The GRAIN_SIZE parameter is the number of values per thread, so the number of iterations of the loop is static and fixed at compile time. Moreover, this strategy will implement fast loading in other kernels with minimal modification. Striped rather than blocked reads (i.e., indexing into input_data as input_data[local_id + BLOCK_SIZE * I]) decreases bandwidth by a full 1 GB/s. In the calling function, when performing a sum operation, the natural choice for thesubstitution_value argument would be 0, meaning that for incomplete tiles, the load statement is equivalent to value += 0 for the undefined elements. The caller of these functions would call via the following:

uint base_id = group_id * BLOCK_SIZE * GRAIN_SIZE;
LoadBlockedLocalFromGlobal<T, GRAIN_SIZE, OPERATION>(value,
                    &input_data[base_id], local_id, n - base_id, 0);

where, as usual, BLOCK_SIZE is the number of threads per threadgroup and GRAIN_SIZE is the number of values per thread.

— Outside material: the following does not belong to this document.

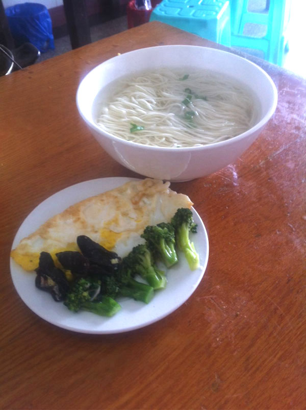 武進(jìn)人愛吃面,已經(jīng)是人盡皆知。而說起武進(jìn)人最愛吃哪種面,估計十個中有八個會說腸腸面。位于禮嘉鎮(zhèn)上的新八佰碗面館,就是以腸腸面在武進(jìn)面界擁有了眾多粉絲。 比起大部分武進(jìn)的家常面館,新八佰碗面館的門面還是挺大的,寬敞的廳堂里擺放著近10張桌子。中午11點(diǎn)不到,由于還沒到飯點(diǎn),店里的客人并不多。著裝清爽的老板娘顧紅梅正在后面的灶間里忙著炒菜!澳銊e看現(xiàn)在我們店里沒人,再過半小時,人馬上就多起來了。早上9點(diǎn)前,好多人都是站著把面吃完的! 顧紅梅坦言,面館有如此好的生意,著實有點(diǎn)意外,但也在情理之中。 新八佰碗面館的前身也是一家面館,但是因為種種原因,最終在3年前關(guān)門大吉!捌鋵嵜骛^的市口很不錯,但我接手的時候,前任老板跟我說,一天只能做20斤面的生意。”雖然壓力很大,但顧紅梅表示,從一開始她就對面館充滿信心,“我一直覺得只要用心,沒有做不好的事。” 新八佰碗面館的面是老武進(jìn)的做法,一碗面,三種做法,要么紅湯、要么白湯,還有紅湯拌面,翻花樣的是上面的澆頭。每天清晨3點(diǎn)半,顧紅梅就會準(zhǔn)時到店里,首先是煮湯底。“我們面館的湯料頭很足,用大骨頭、老母雞、開洋等足足燉夠3小時!苯又褪亲龈鞣N澆頭。由于一向擅長做菜,因此有很多澆頭都是顧紅梅親自掌勺。新八佰碗面館的澆頭,除了味美,量也是足得讓食客們直呼“老板要虧本了”。“就拿武進(jìn)人最喜歡吃的大肉來說,足足是別人店里的兩倍大。每次我切肉的時候,我老公總在旁邊念叨,大點(diǎn),再大點(diǎn)。”顧紅梅笑著說道。 早上6點(diǎn)不到,面館就會迎來第一批客人。雖然店里雇了工人,但顧紅梅只要有空,都會搶著收拾碗筷!案鶕(jù)客人們吃的量,我就知道面合不合他們的口味了。有時看到客人剩的特別多,我就會拉著問是不是不好吃。只要客人們提到的意見,我肯定一字不落地記下來,然后在以后的制作過程中一一改進(jìn)。對于很多武進(jìn)人而言, 一碗面,裝載的是小日子、小樂活,所以我必須把面做好吃嘍!鳖櫦t梅的如此用心,不由讓記者豎起了大拇指。 就這樣,一開始的20斤面量,一個月后就增加到了40斤,而現(xiàn)在最忙的時候,一天要用掉近100斤面。 說起招牌面,顧紅梅指了指墻上的菜單,“喏,寫在那呢,腸腸面。”面是細(xì)面,根根柔中帶勁,湯底濃油赤醬,看似很咸,其實不然,回味恰到好處。大腸處理得很干凈,腸腔里的油花幾乎都被去除了,糯糯的卻不見肥,再加一塊素雞或荷包蛋,武進(jìn)人喜歡的味道,這一碗面里就齊全了。

Threadgroup Reduces Optimization

At this point in our kernel, each thread will have a thread-local (register) variable, possibly named value that reduces the values loaded from the device’s global memory by that thread. While we could write these partial sum results directly to the output, it is more efficient to reduce within the threadgroup so that only a single thread within the threadgroup needs to write to output.

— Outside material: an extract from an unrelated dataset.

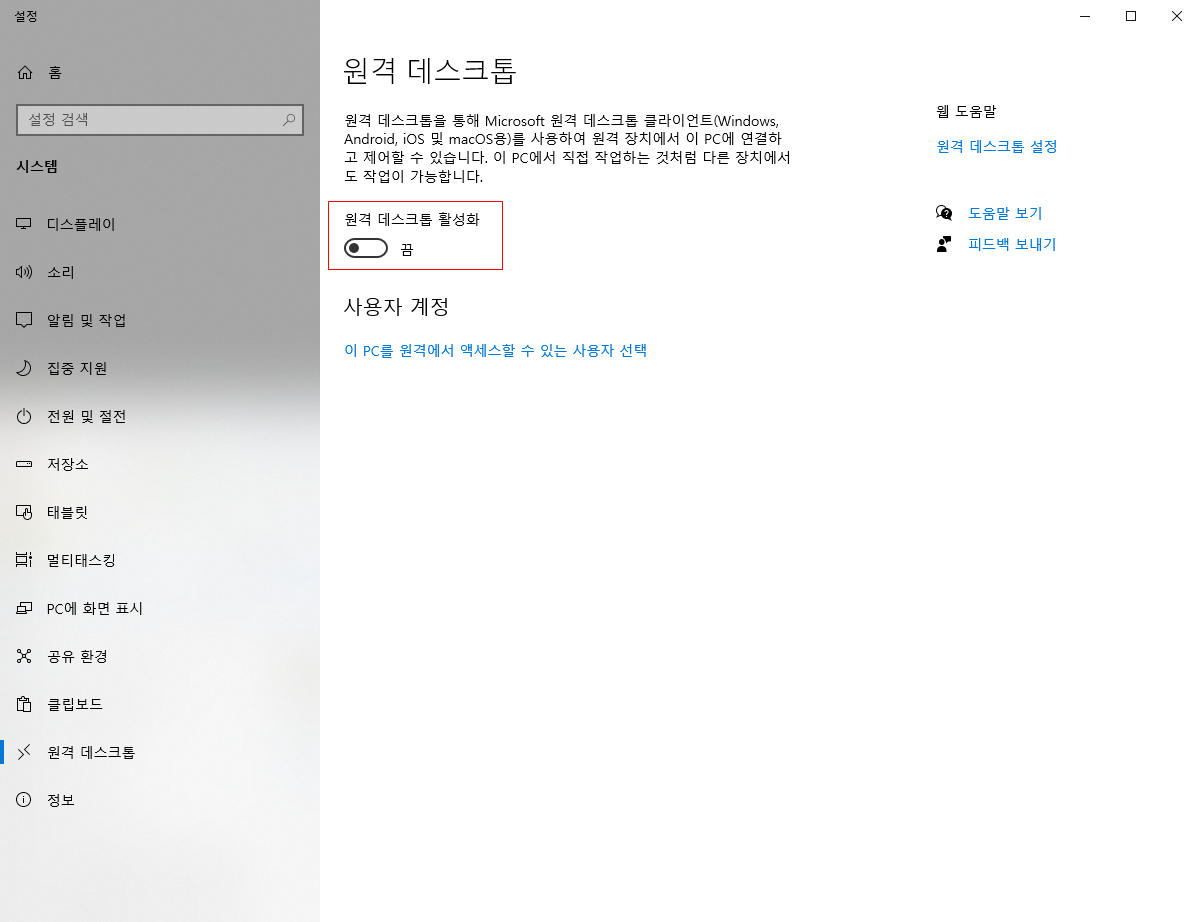 원격제어할 데스크톱에서는 별도의 설치 없이 윈도우를 설치함과 동시에 해당툴이 이미 설치되어있다.

There are several algorithmic strategies to perform this reduction, but all require the threads within the threadgroup to communicate with each other. Thus, the threadgroup’s shared memory will be required, unless threads per threadgroup equal the execution width of the device (which varies by GPU architecture but is 32 on M1). Since we are focusing on M1, we will explicitly expect the SIMD execution width to be 32 in our threadgroup reductions. However, this is something to be aware of if optimizing for other devices or in the very unlikely event that it changes in future M-series chips.

Shared memory reduction

Our first reduction strategy is a simple fold-in threadgroup (shared) memory. A simplified pictorial representation of the algorithm is found below. This algorithm requires N-dim shared memory where N = threads per threadgroup. The algorithm is work efficient, requiring N-1 operations in total, which is the same as the sequential algorithm. However, because each step (S) requires half the number of threads N/(2^S), meaning the other threads in the threadgroup are idle, the algorithm is not cost-efficient. This is mitigated in part by the reduction during load described above because it increases the amount of work per thread, but also by slight modifications to the algorithm that are not shown in the simplified figure to allow execution groups (simdgroups) to exit early.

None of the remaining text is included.